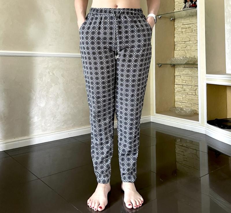 Брюки з легкоЇ (як повітря) тканини з кишенями New look. Розмір 10/38;165/72 А. Фото на моделі з розміром S. Довжина 97, внутр 70 см. ПОТ 37-53 см. ПОС 54 тягнуться до 60 см. Посадка 33/30 см.
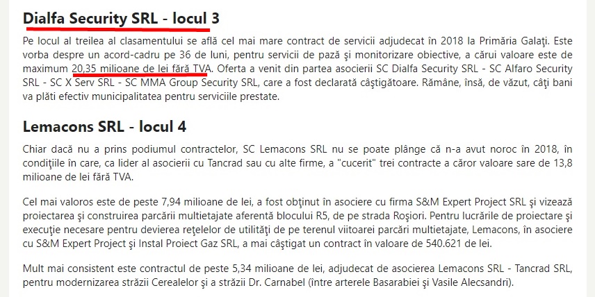 “Pe locul al treilea al clasamentului se află cel mai mare contract de servicii adjudecat în 2018 la Primăria Galaţi. Este vorba despre un acord-cadru pe 36 de luni, pentru servicii de pază şi monitorizare obiective, a cărui valoare este de maximum 20,35 milioane de lei fără TVA. Oferta a venit din partea asocierii SC Dialfa Security SRL – SC Alfaro Security SRL – SC X Serv SRL – SC MMA Group Security SRL, care a fost declarată câştigătoare. Rămâne, însă, de văzut, câţi bani va plăti efectiv municipalitatea pentru serviciile prestate”,
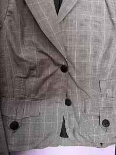 Saco gris claro para dama talla M. Tiene rayas blancas sutiles, todos sus botones y en perfecto estado. Talla M
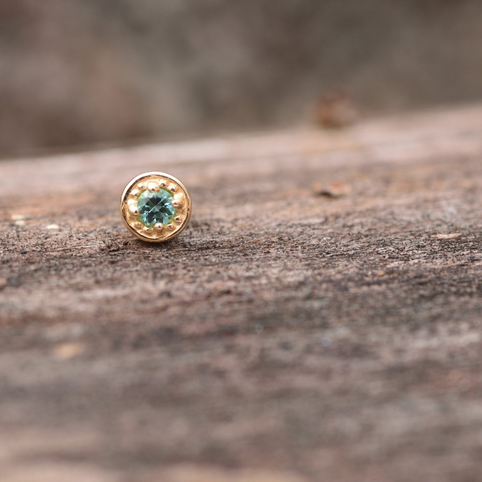 Threadless 4mm Millgrain Prong in 14k Solid Yellow Gold with Seafoam Tormaline
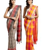Multicolor checked saree, has a zari and/or woven border. Comes with
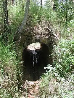 The culvert comprises a long tunnel, about 1.2 metres (3 ft 11 in) wide, beneath an unsealed roadway. It is lined on the floor and to about a third of its height along the sides with rusticated sandstone blocks. The blocks lining the floor are long and considerably narrower than those lining the side. There are two courses of blocks on each side of the culvert. The arched roof of the culvert is lined with bricks.[1]
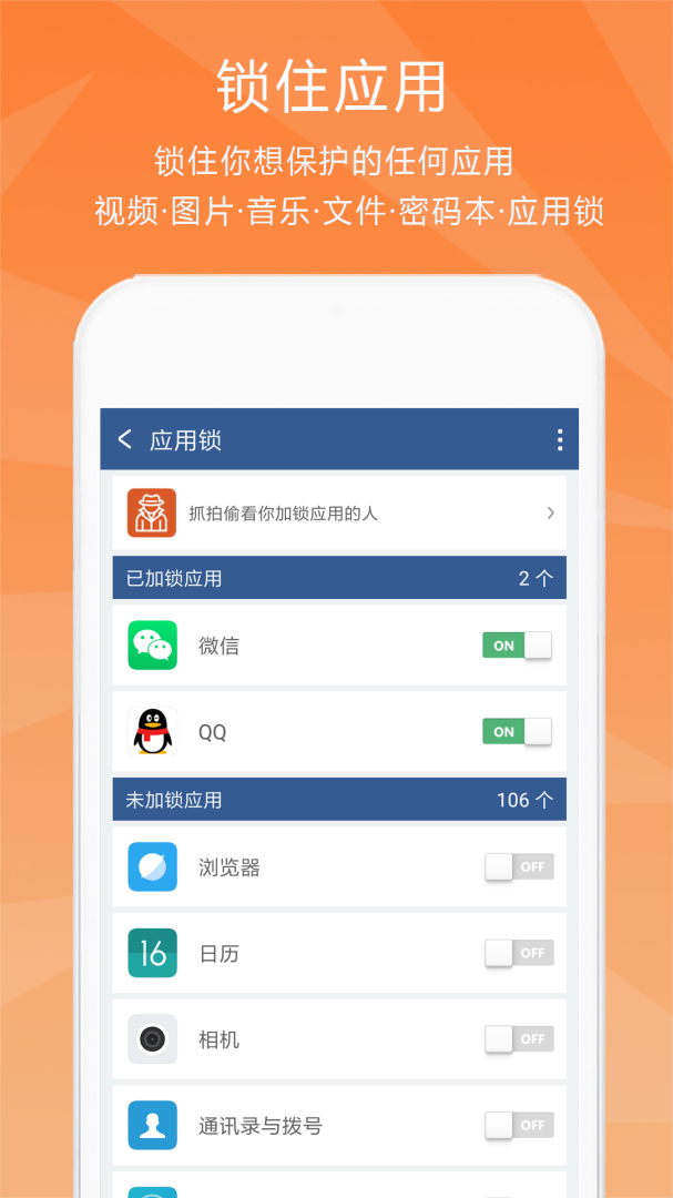 2、应用锁,用户随意添加隐私应用,让用户自己操作使用应用,避免被盗号;
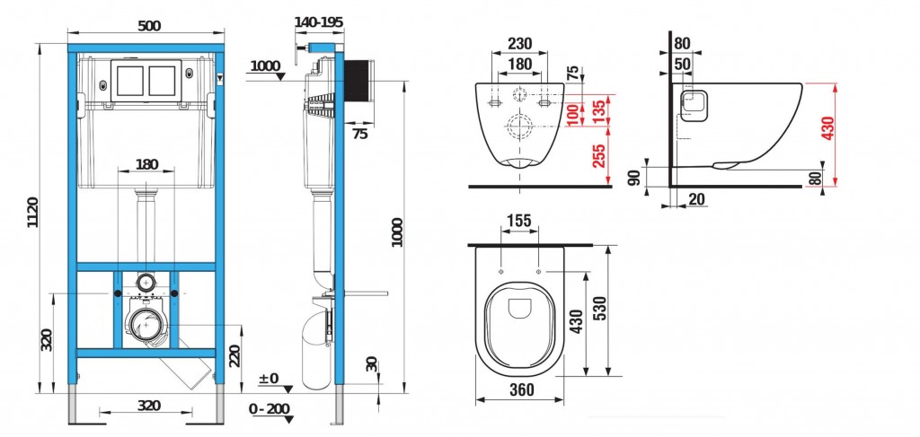 WC sedátko a splachovací tlačítko nejsou součástí WC setu - nutno zakoupit zvlášť.

=== DIRECTIONS FOR THIS TASK ===
Could you output exactly the lines above, from the line with "Threadless 4mm Millgrain" up to and including the line with "Multicolor checked saree, has", and nothing else, skipping the pictures?

=== SOLUTION TO THIS PROBLEM ===
 Threadless 4mm Millgrain Prong in 14k Solid Yellow Gold with Seafoam Tormaline
Multicolor checked saree, has a zari and/or woven border. Comes with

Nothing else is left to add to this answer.